* This is PART TWO of a two-part article about “GREENHOUSE GARDENING”. PART ONE can be found here.
# Proper Containers
Most greenhouse gardeners use either clay or plastic containers in the greenhouse. Both are relatively inexpensive and will do the job. They do have some differences, and you should understand how each container works before making your choice.
The followings are some general points to keep in mind:
– Plant containers for the greenhouse need a drainage hole in the bottom of the pot.
– Some plants grow better in one type pot than another — be aware of your plant’s special needs.
– Plant containers will need to be cleaned and sterilized between uses; do this by scrubbing the insides with a maximum of bleach and water, and leave the containers in the sun for several days to kill any fungus spores that may lurk in tiny openings.
Clay pots are porous containers that not only could absorb water but also permit air circulation through the container sides. It’s difficult to overwater plants in clay pots. If plants are over-fertilized, though, excess salts will appear as a white crust on the pot sides. In areas where the water has a heavy salt concentration, the excess salts filter out, also forming a white crust on the container sides. In humid greenhouses, a green moss or mold may also form. These crusts should be scrubbed off to keep the containers porous.
Clay pots may be quite heavy when planted. And several hundred plants in clay pots could be quite a load on your greenhouse bench.
Greenhouse gardeners seem to be using plastic pots more and more. They are easy to clean, lightweight even when watered, and available in a wide range of colors, shapes, and sizes.
Plastic containers are nonporous, a condition that could create a watering problem. The pot can’t absorb any excess moisture or permit air circulation through its sides. But there’s another side of the coin: because watered plants grown in plastic pots remain moist longer than plants in porous pots, they will need watering less frequently; this feature could be a real lifesaver to the busy greenhouse gardener. Some plastic containers have wide slits for drainage holes; for crocking, use a thin layer of stones or pebbles instead of pot shards.
# Importance of Fertilizers
Plants grown in containers will need to be fertilized, since their roots are confined and can’t search out the nutrients they need in the ground. Once the nutrients in the potting mix are used up, your plant is stranded. It’s up to you to replenish these nutrients by applying fertilizer.
Plant fertilizers usually contain 3 main ingredients: nitrogen, phosphorus, and potassium or potash. Some fertilizers also include needed trace elements. The ratio of these 3 ingredients is usually indicated on the label by 3 numbers, e.g. 5-10-5 or 18-20-16. The first number refers to the percentage of nitrogen, which stimulates leaf growth and helps leaves maintain a rich green color. The second number indicates the percentage of phosphorus, which promotes sturdy cell structure and healthy root growth and aids in flower and fruit production. The third number refers to the percentage of potassium, which aids plants in normal plant functions and development. Many fertilizers are formulated for specific types of plants. Read the labels carefully to make sure the fertilizers should be used on the plants you grow in your greenhouse.
In a greenhouse where you are dealing with a large number of plants, it’s a good idea to keep accurate watering and fertilizing records. These records will be invaluable if you must leave your greenhouse in someone else’s care. And you can check to see if your geranium actually does need more fertilizer, or if it has another problem.

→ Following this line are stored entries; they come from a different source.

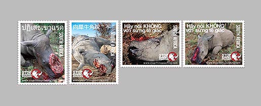 数据显示,中国、越南、泰国是贩卖犀牛角最猖獗的地区。南非保护犀牛公益组织Stop Rhino Poaching为此创办了“犀牛邮票”项目。该项目号召南非民众在寄信时使用特制的“犀牛邮票”,邮票上的犀牛都被残忍切除了犀角,以此呼吁联合每个人的力量抵制犀牛角贸易。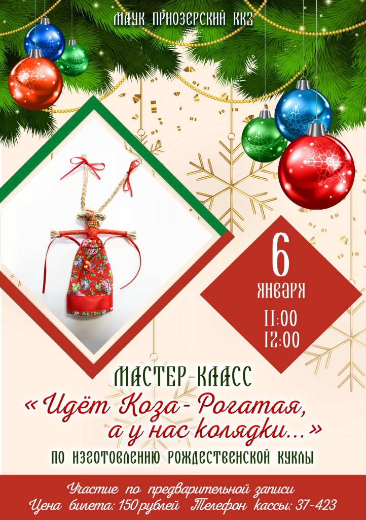 Пройдут рождественские мастер-классы «Идёт коза рогатая, а у нас колядки…» Кукла «Коза» — один из главных героев святочных гуляний на Руси, её делали без лица, так она считалась неодушевлённой, но на наших мастер-классах каждая куколка точно обретет свою душу и неповторимый характер.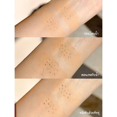 ส่วนผสม : ALUMINUM STARCH OCTENYLSUCCINATE, SERICITE, TITANIUM DIOXIDE, NYLON-12, POLYMETHYL METHACRYLATE, CI 77492, SILICA, ETHYLHEXYL PALMITATE, MAGNESIUM STEARATE, AVENA SATIVA KERNEL FLOUR, TRIETHYLHEXANOIN, DIISOSTEARYL MALATE, PHENOXYETHANOL, CI 77491,TOCOPHERYL ACETATE, ETHYLHEXYLGLYCERIN, MORINGA OLEIFERA SEED OIL, HELIANTHUS ANNUUS SEED OIL, CENTELLA ASIATICA EXTRACT, GARCINIA MANGOSTANA PEEL EXTRACT, CI 77499, ASCORBYL PALMITATE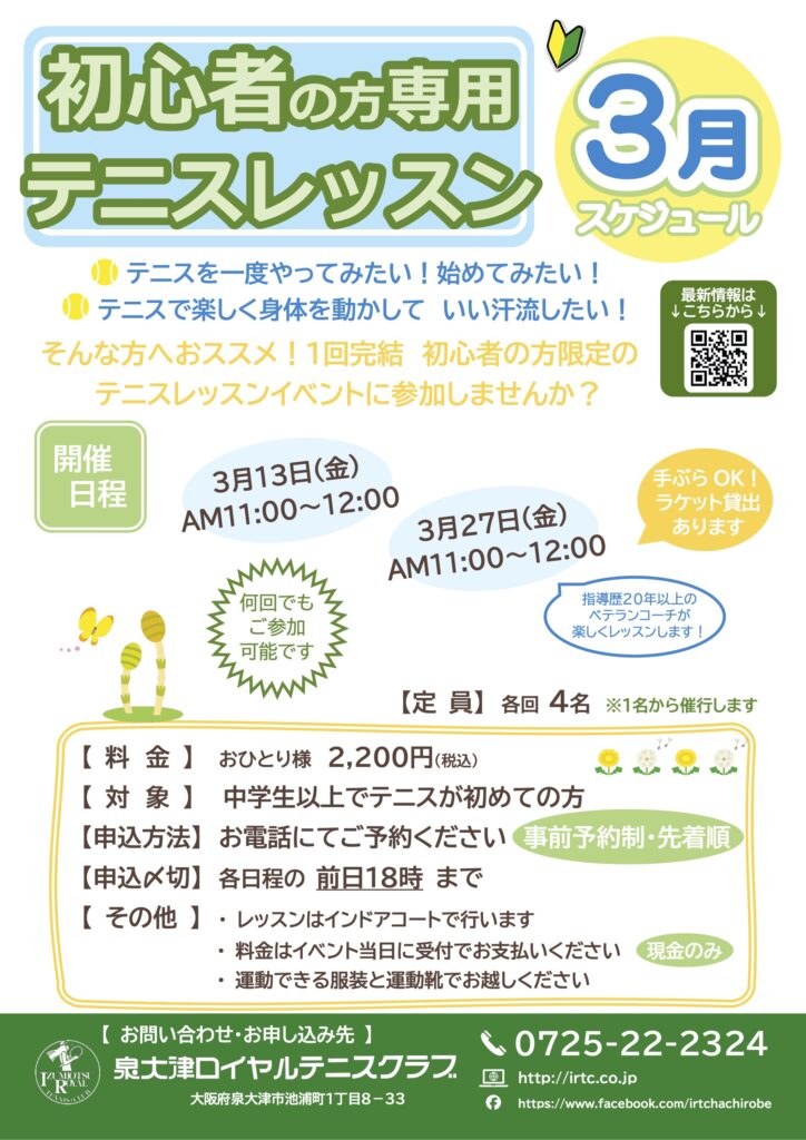 3/18更新【初心者の方向け】テニスレッスンイベント最新スケジュール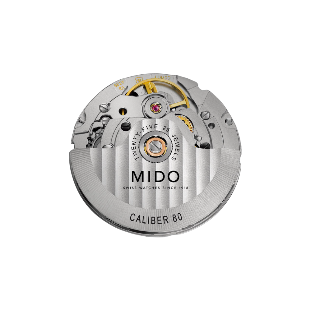 Часы оснащены швейцарским автоматическим механизмом Mido Caliber 80 с технологией Powermatic 80Powermatic 80Эксклюзивный калибр от швейцарской компании ETA с увеличенным запасом хода до 80 часов за счёт удлинённой заводной пружины. Характеризуется улучшенной системой спуска со сниженным трением., обеспечивающей запас хода до 80 часов. Функциональность дополняется отображением даты на позиции «6 часов».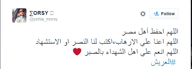 ودعا yehia morsy بأن يحفظ الله أهل مصر، ويعينها على الإرهاب، ويكتب لهم النصر أو الاستشهاد، وينعم على أهل الشهداء بالصبر”.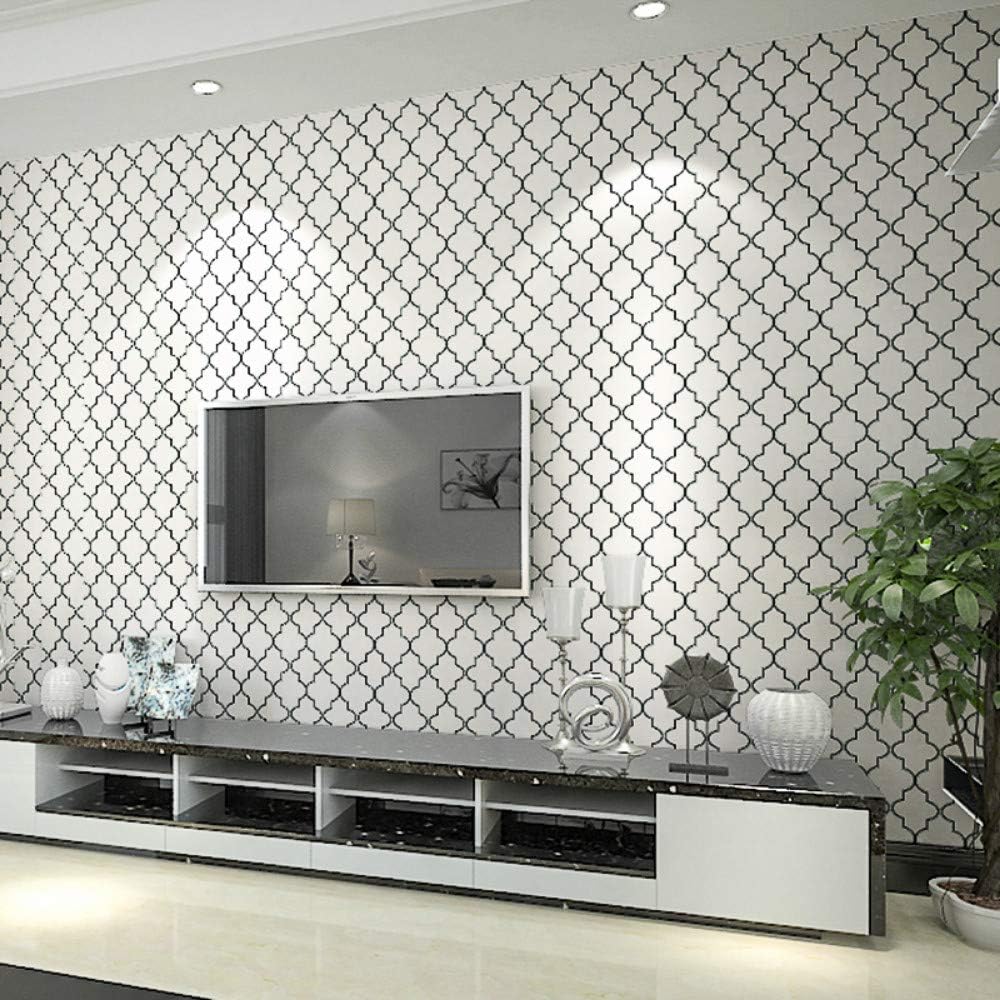 Moroccan Trellis Black White Modern Geometric Pattern Wallpaper Roll Quatrefoil Wall Paper Bedroom Live Room Background Decor Amazon Co Uk Diy Tools

If possible, clear out the greenhouse completely and wash it down. Scrub off any moss or mildew that has formed, and clean off the walls and roof, both inside and out, to provide maximum light. If your cleaning time is in the fall, this is also a good time to remove any whitewash that has survived the summer rains. And you can be sure the greenhouse is prepared for winter.
With the greenhouse empty, you can rearrange the plants in a neat. This should also make you aware of any diseased or pest-infested plants. Treat them before you return them to the greenhouse, or if they are too far gone, discard them.
Before the first frost, check for and repair any broken or torn wall coverings. Make sure the doors and vents shut tightly and have a good seal. Replace any caulk or seal that has worn out. And make certain that your various climatic equipment systems are working efficiently.